The user asks Cursor:

"Send me the transcript of Elian's last audio."

Cursor automatically:

  1. Calls getRecentAudio(contactName: "elian")
  2. Receives the audio file path
  3. Calls transcribeAudio(audioPath: "/path/to/audio.opus")
  4. Receives the transcription
  5. Summarizes or shows the full text

The transcription flows through the OpenAI API; the temporary MP3 is sent to get the text back. Cursor orchestrates; your server prepares the file and makes the call.

Cursor + MCP WhatsApp: transcription example

Cursor showing the transcription returned by the WhatsApp MCP server.

Limitations: macOS only

This server is macOS only. The WhatsApp paths are specific to Mac.

It depends on:

  • WhatsApp Desktop installed
  • FFmpeg (brew install ffmpeg)
  • OpenAI SDK (npm i openai) with OPENAI_API_KEY configured
  • Internet connection

We also skip Prompts and Resource Templates.

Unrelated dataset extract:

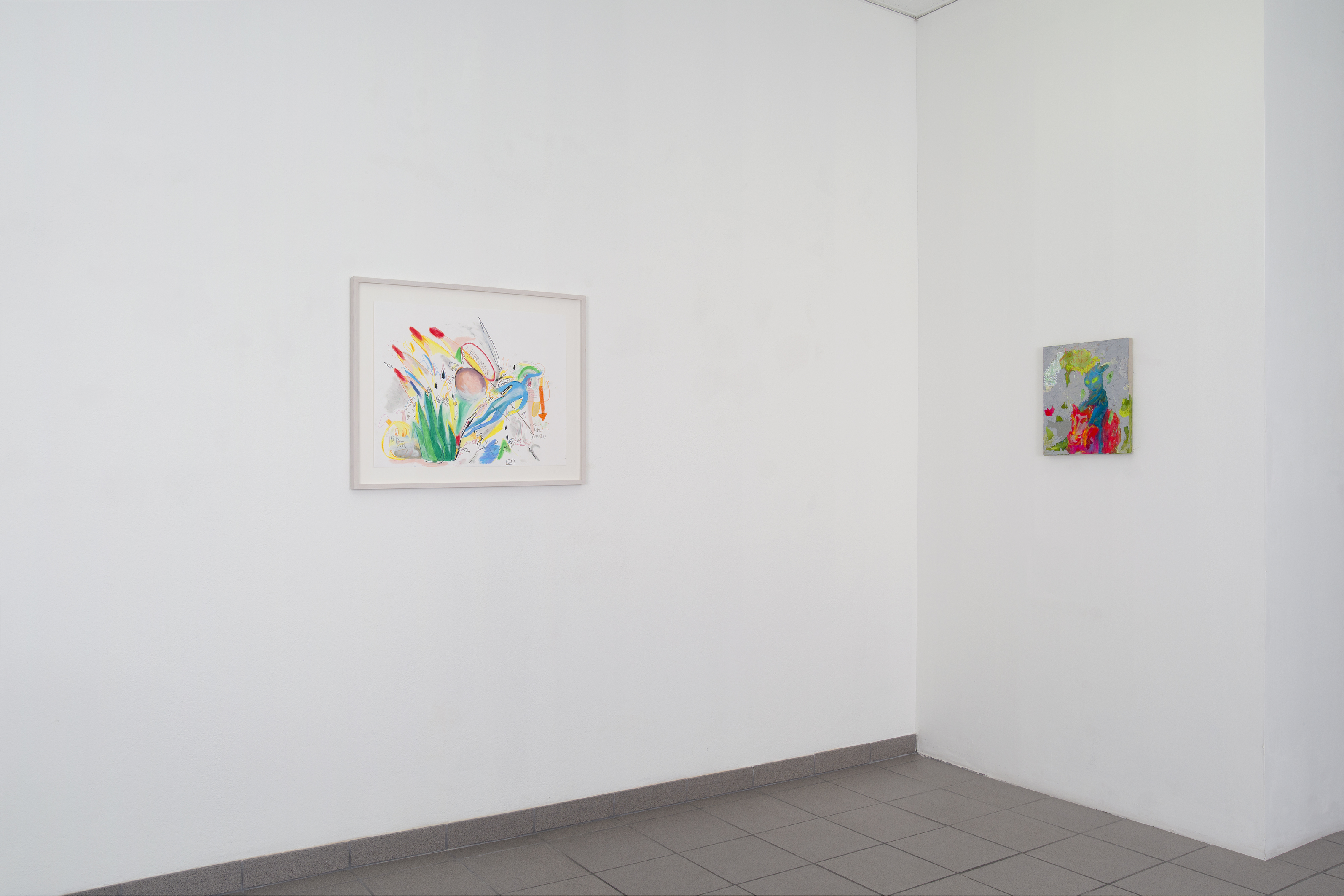 Through the lyrical use of form, language, and color, Tarek Lakhrissi (b. 1992)’s drawings evoke a sense of nostalgia connected to queer childhood experiences and its echoes. The drawings from this series develop a visual language shaped by imagined futures and shared emotional landscapes. Similarly, Audrey Ramos (b. 1998) creates dreamlike abstract paintings that merge her Peruvian heritage with her memories of growing up in the suburbs of Geneva. Her works depict repetitive or fragmented landscapes, conveying a sense of disorientation and a quest for familiarity within a cultural in-between.
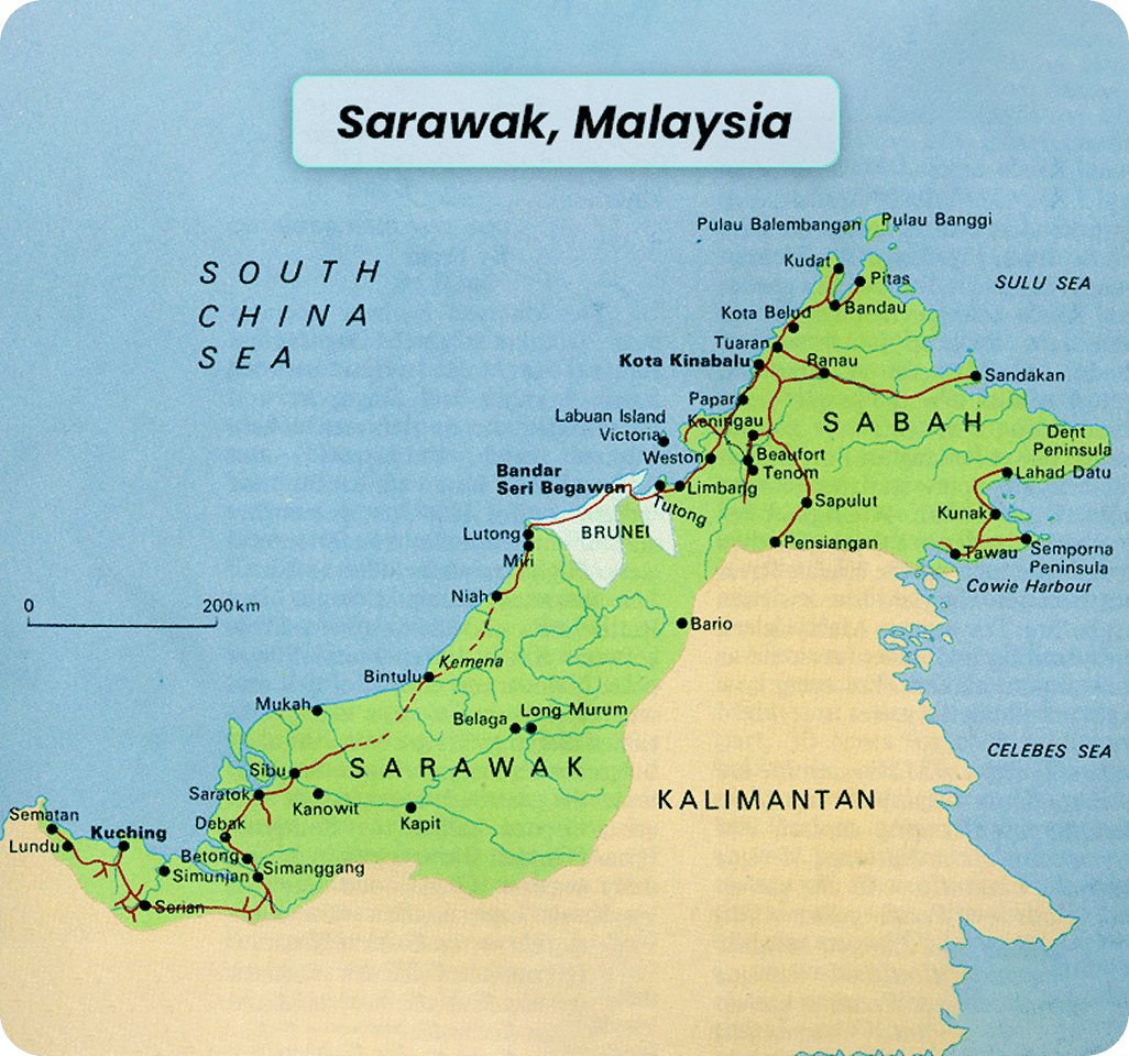 Sarawak is the largest state in Malaysia, located on the northwestern coast of the island of Borneo. Covering an area of about 124,450 km², it is slightly larger than the entire peninsula of Malaysia. Known as the “Land of the Hornbills” due to the prominence of hornbills in its culture and natural environment, Sarawak is celebrated for its lush rainforests, diverse wildlife, rich cultural heritage, and harmonious blend of traditions and modern development.

Security depends on the host. Cursor can ask for approval before it runs tools.

Keep it running with PM2

Build the project once (npm run build) and keep the server alive with pm2 start ecosystem.config.cjs. The provided config watches the compiled dist/server.js and restarts it if it crashes.

Conclusion

Your AI agent can now reach your data, use your tools, work in your context.

The WhatsApp server is just one idea. Once you realize any program that speaks STDIN/STDOUT can be an MCP server, the possibilities get wild.